Paul Murray
- Full name: Paul Finbarr Murray
- Born: 29 June 1905 Sandycove, Dublin, Ireland
- Died: 1 June 1981 (aged 75) Ballsbridge, Dublin, Ireland
- School: Blackrock College
- Occupation: Medical practitioner

Rugby union career
- Position: Half-back / Centre

International career
- Years: Team / Apps / (Points)
- 1927–33: Ireland / 19 / (33)
- 1930: British Lions / 4 / (0)

= Paul Murray (rugby union) =

Irish rugby union player

Paul Finbarr Murray (29 June 1905 — 1 June 1981) was an Irish rugby union international.

One of nine siblings, Murray was born in Dublin and attended Blackrock College.

Murray, who captained Dublin club Wanderers, played provincial rugby for Leinster and was capped 19 times for Ireland, debuting in 1927. He was a versatile back, making his Ireland appearances as a centre, out-half and scrum-half. In 1930, Murray made the British Lions squad for the tour of New Zealand and Australia, featuring in four of the five Tests. He was picked as a three-quarter, but ended up as the team's scrum-half, after Wilf Sobey got injured.

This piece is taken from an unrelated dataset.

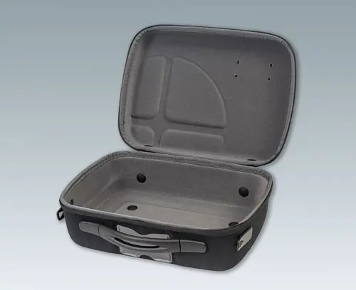 Reliable and fashionable transportation solution with a carrying handle as well as 2 eyelets for using the shoulder strap (accessory). The carry case can be fitted with your logo or nameplate for your company branding (logo window, zipper).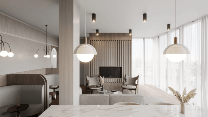 Renderings from interior designer Durukan Design, whose website says the building will hold 42 condos, show sleek modern units in pale colors. Materials will include natural stone, fluted millwork and wide plank oak floors. A combo screening room and karaoke lounge will open to a shared garden, and on the sixth floor will be a lounge and terrace, according to the firm.

A medical practitioner, Murray became an Ireland selector after retiring from rugby in 1934. He remained active in sport as a golfer and won the 1940 South of Ireland Championship. In 1965 and 1966, Murray served as IRFU president. He had a son John who was capped for Ireland in 1963 and his daughter Oonagh played hockey for Ireland.